From Angela Strange, A16z: Do you want insurance with that? relates to ecosystems and much more. I had a ton of fun last year helping non-insurance companies define and build insurance propositions (more on that in 2021!) and can only see this trend growing. I wrote about it earlier this year when Amazon launched its Care Hub. Will the winner in the future be those that own distribution and access to the asset, be it the home, car, truck, fleet, ship or building, rather than layers and layers of additional providers? Sure, we will always want choice, but how much - when does convenience and ease take priority when we are already time-poor?
We just need to look at neobanks like Starling, which recently hit 2 million new customers and which has continued to grow both its personal and SME offerings, both including multiple insurance lines from mobile to motor to health and life, almost in line with what I have highlighted above. It's making me think, have I been too short-term-focused or is Starling ahead of the curve?
And that's it! What do you think? Do you agree? Have I missed anything obvious? Focused too much on the short term? Come up with ideas that are too far and can't be true? (I honestly don't think the latter this year).
See also: Has Pandemic Shifted Arc of Insurtech?
Looking for some additional perspectives? Check these out:
As always, many of of my friends throughout the industry make similar predictions. Here are a few of my favorites:
- Martha Notaras, managing partner of Brewer Lane Ventures - 11 Predictions for 2021 - here. I'm 100% with Martha on these, especially "Do you want insurance with that?"
- Matthew Grant and Robin Mertens from InsTech London this year crowd-sourced insurance predictions, with an all-star cast from around the market - a great event to re-watch and look out for the post on soon.

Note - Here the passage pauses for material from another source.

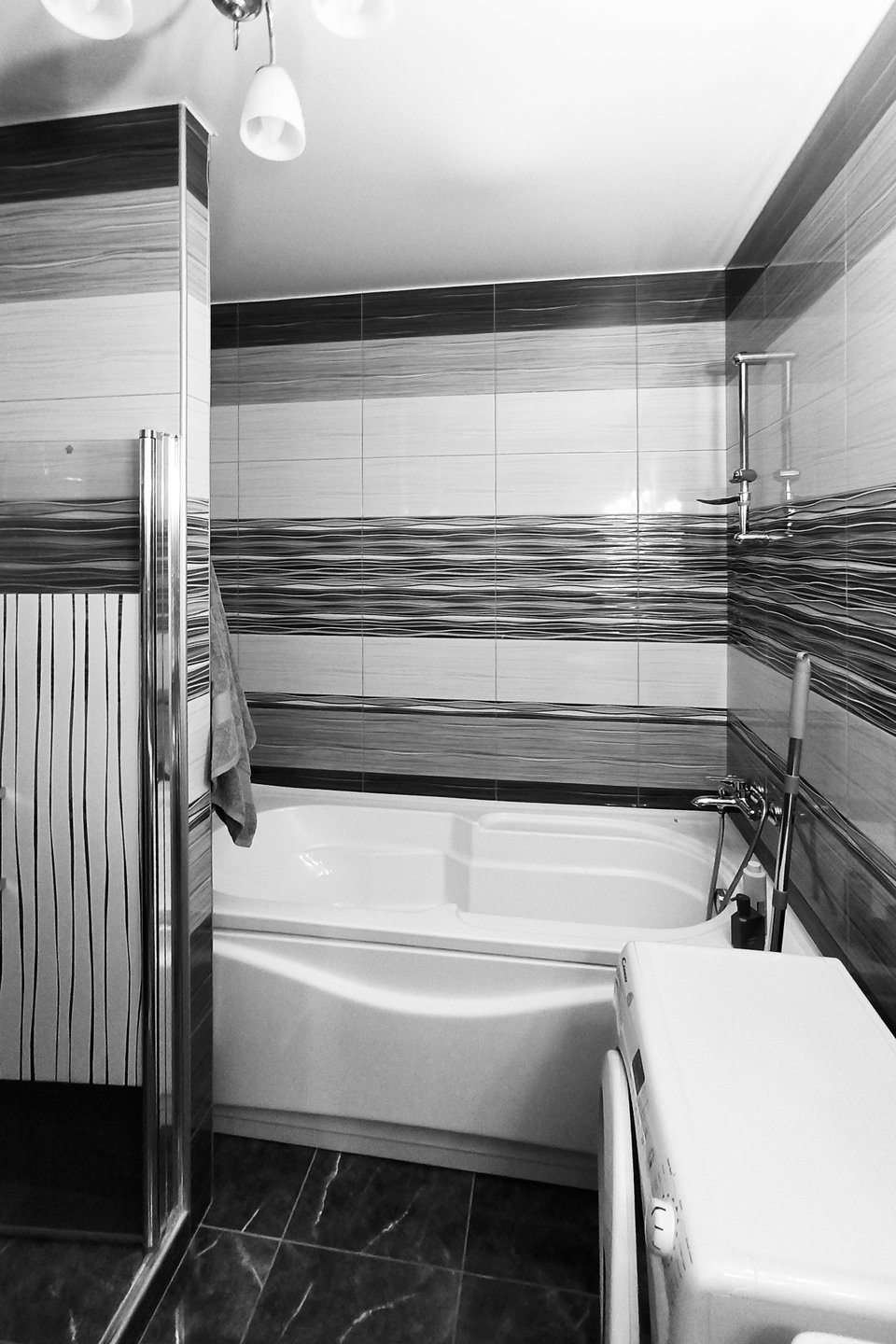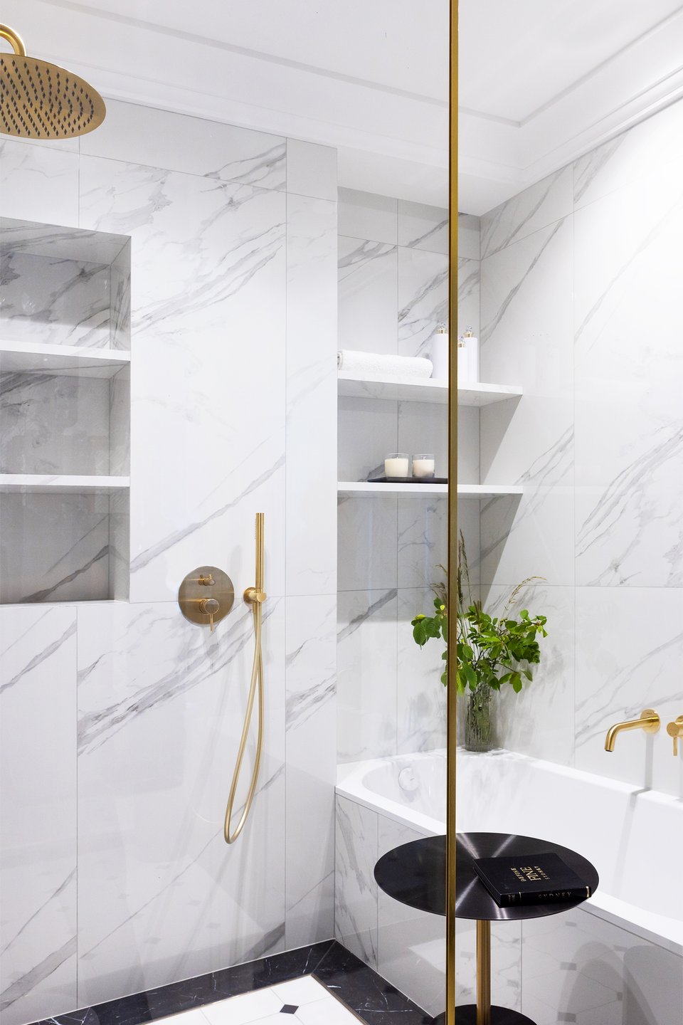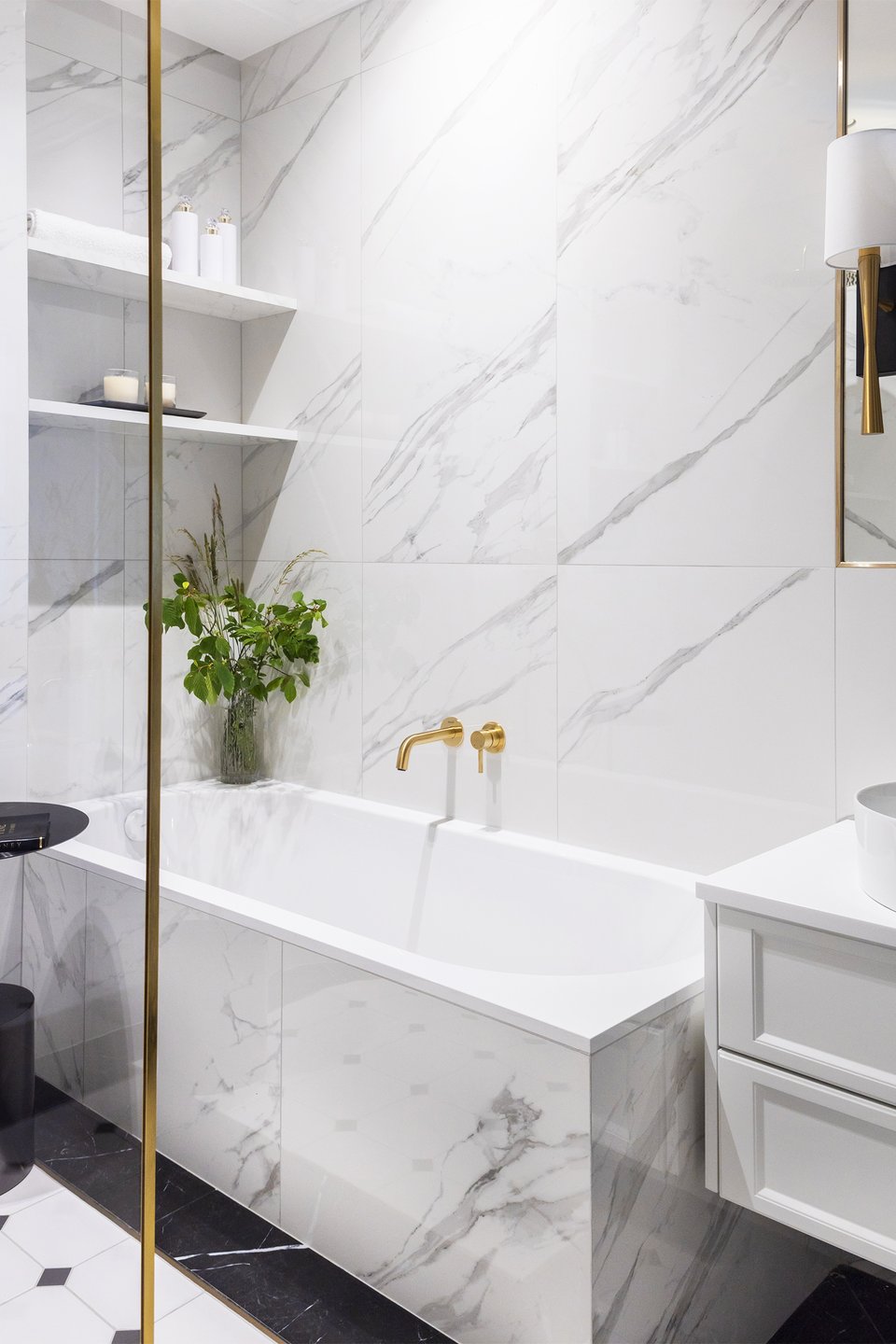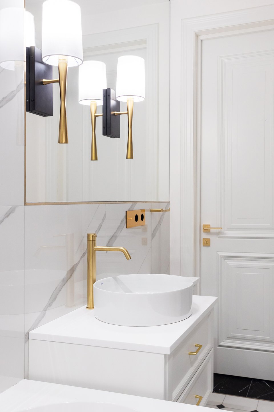 Интерьер санузла продолжает общую концепцию. Стены и ванну облицевали глянцевым белым керамогранитом под мрамор, на полу — та же плитка, что и в прихожей. Латунные смесители и электрика, матовое золото в светильниках и фурнитуре мебели, отдельная душевая зона — здесь царит атмосфера элегантной роскоши.

- My old friend Tony Tarquini from Pega not only is as fit as a fiddle but has a great summary in "3 Trends That Defined Insurance in 2020" here.
- Chris Frankland, CIO over at Care Bridge. has posted his year in review here.
- Outside of Insurance, look no further than Kara Swisher and Scott Galloway from Pivot Podcast and their Big Predictions for 2021 here Always good to look outside our own wheelhouse to see how the rest of the world is reacting, and these two are my favorites!
Of course, look out for our own insurtech predictions show in early January with InsurTech Insiders here, which we recorded a few weeks back. Thanks, Hanna, Sarah and Alex.
If one thing has encouraged me in 2020 it is that the community is stronger than the individual and that the global insurtech community brings it by the bucketload -- I'm delighted to be a small part.
Look forward to your feedback, challenge and thoughts as always, as well as seeing as many of you in person through 2021!.